+++ DATA TO USE
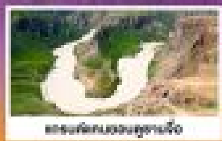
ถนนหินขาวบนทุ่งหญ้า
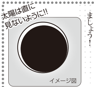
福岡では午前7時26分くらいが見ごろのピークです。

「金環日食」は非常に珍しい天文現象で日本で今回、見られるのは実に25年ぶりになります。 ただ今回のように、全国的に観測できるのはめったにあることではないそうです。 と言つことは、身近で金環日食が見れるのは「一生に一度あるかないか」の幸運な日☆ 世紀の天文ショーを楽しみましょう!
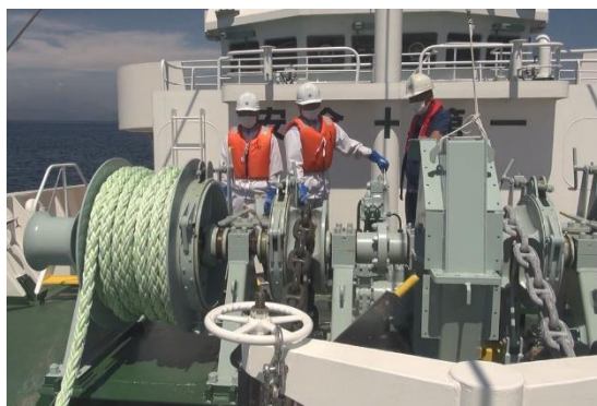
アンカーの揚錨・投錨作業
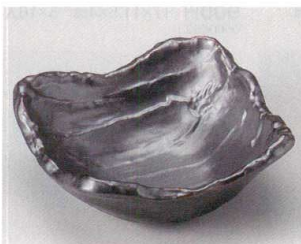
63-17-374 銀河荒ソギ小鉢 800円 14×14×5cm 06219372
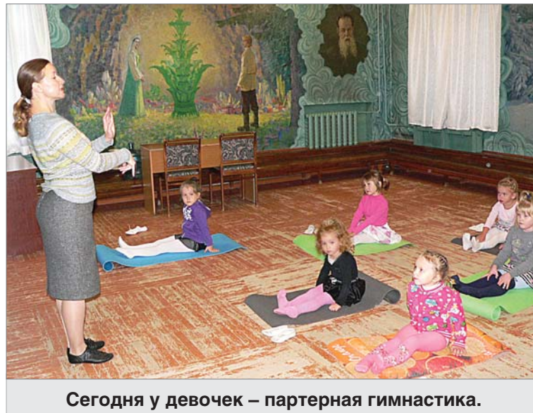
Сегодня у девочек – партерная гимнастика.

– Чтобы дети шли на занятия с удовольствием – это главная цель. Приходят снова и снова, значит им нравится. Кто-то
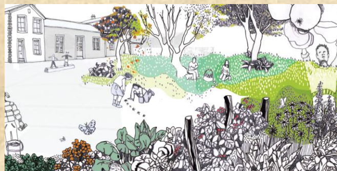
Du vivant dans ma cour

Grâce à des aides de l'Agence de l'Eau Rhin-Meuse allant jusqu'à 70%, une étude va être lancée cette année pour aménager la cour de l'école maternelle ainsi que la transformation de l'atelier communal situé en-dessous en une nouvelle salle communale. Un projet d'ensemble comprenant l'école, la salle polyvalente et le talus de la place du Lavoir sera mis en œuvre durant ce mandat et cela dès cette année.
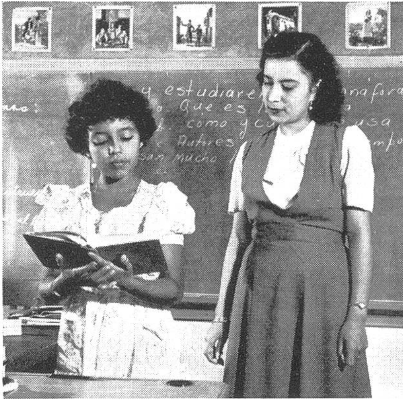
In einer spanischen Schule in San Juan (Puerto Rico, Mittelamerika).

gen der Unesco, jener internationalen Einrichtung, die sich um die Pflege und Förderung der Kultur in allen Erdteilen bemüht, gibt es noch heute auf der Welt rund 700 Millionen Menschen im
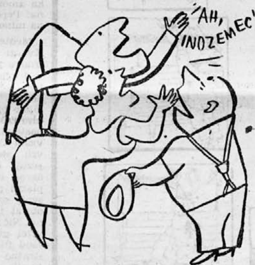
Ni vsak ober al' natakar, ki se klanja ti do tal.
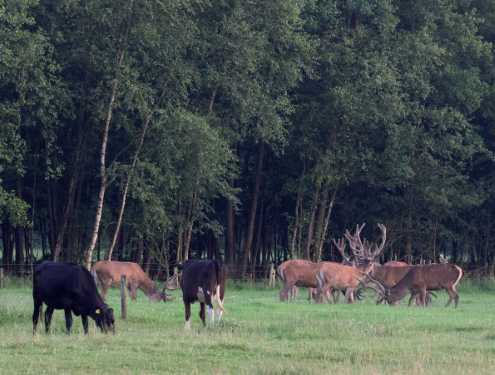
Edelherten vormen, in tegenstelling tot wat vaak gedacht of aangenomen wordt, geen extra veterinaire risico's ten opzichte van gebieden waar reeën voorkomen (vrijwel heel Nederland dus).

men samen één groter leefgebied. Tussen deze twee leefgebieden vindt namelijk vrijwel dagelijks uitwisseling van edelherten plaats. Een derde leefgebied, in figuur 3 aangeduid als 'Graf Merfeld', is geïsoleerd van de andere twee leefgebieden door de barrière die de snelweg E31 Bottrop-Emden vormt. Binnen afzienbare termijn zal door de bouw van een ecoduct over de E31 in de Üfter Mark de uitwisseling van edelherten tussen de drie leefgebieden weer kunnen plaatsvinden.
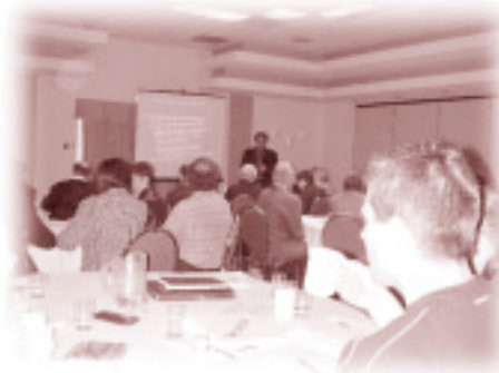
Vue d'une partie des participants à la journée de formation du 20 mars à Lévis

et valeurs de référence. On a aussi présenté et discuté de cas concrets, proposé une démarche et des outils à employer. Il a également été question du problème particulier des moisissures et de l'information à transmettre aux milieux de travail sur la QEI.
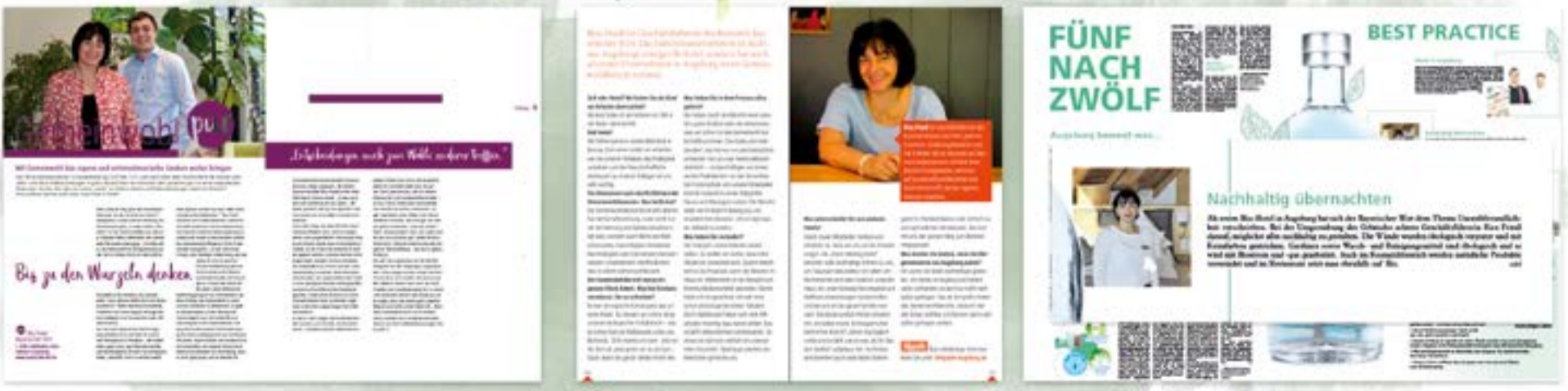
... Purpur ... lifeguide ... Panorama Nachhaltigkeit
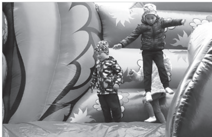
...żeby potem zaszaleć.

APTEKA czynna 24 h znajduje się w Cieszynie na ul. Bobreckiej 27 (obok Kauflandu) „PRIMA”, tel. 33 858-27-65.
++++++
> EXERCISE: Reproduce every record word for word. The copy must contain no pictures.

> EXPECTED OUTPUT:
ถนนหินขาวบนทุ่งหญ้า
福岡では午前7時26分くらいが見ごろのピークです。

「金環日食」は非常に珍しい天文現象で日本で今回、見られるのは実に25年ぶりになります。 ただ今回のように、全国的に観測できるのはめったにあることではないそうです。 と言つことは、身近で金環日食が見れるのは「一生に一度あるかないか」の幸運な日☆ 世紀の天文ショーを楽しみましょう!
アンカーの揚錨・投錨作業
63-17-374 銀河荒ソギ小鉢 800円 14×14×5cm 06219372
Сегодня у девочек – партерная гимнастика.

– Чтобы дети шли на занятия с удовольствием – это главная цель. Приходят снова и снова, значит им нравится. Кто-то
Du vivant dans ma cour

Grâce à des aides de l'Agence de l'Eau Rhin-Meuse allant jusqu'à 70%, une étude va être lancée cette année pour aménager la cour de l'école maternelle ainsi que la transformation de l'atelier communal situé en-dessous en une nouvelle salle communale. Un projet d'ensemble comprenant l'école, la salle polyvalente et le talus de la place du Lavoir sera mis en œuvre durant ce mandat et cela dès cette année.
In einer spanischen Schule in San Juan (Puerto Rico, Mittelamerika).

gen der Unesco, jener internationalen Einrichtung, die sich um die Pflege und Förderung der Kultur in allen Erdteilen bemüht, gibt es noch heute auf der Welt rund 700 Millionen Menschen im
Ni vsak ober al' natakar, ki se klanja ti do tal.
Edelherten vormen, in tegenstelling tot wat vaak gedacht of aangenomen wordt, geen extra veterinaire risico's ten opzichte van gebieden waar reeën voorkomen (vrijwel heel Nederland dus).

men samen één groter leefgebied. Tussen deze twee leefgebieden vindt namelijk vrijwel dagelijks uitwisseling van edelherten plaats. Een derde leefgebied, in figuur 3 aangeduid als 'Graf Merfeld', is geïsoleerd van de andere twee leefgebieden door de barrière die de snelweg E31 Bottrop-Emden vormt. Binnen afzienbare termijn zal door de bouw van een ecoduct over de E31 in de Üfter Mark de uitwisseling van edelherten tussen de drie leefgebieden weer kunnen plaatsvinden.
Vue d'une partie des participants à la journée de formation du 20 mars à Lévis

et valeurs de référence. On a aussi présenté et discuté de cas concrets, proposé une démarche et des outils à employer. Il a également été question du problème particulier des moisissures et de l'information à transmettre aux milieux de travail sur la QEI.
... Purpur ... lifeguide ... Panorama Nachhaltigkeit
...żeby potem zaszaleć.

APTEKA czynna 24 h znajduje się w Cieszynie na ul. Bobreckiej 27 (obok Kauflandu) „PRIMA”, tel. 33 858-27-65.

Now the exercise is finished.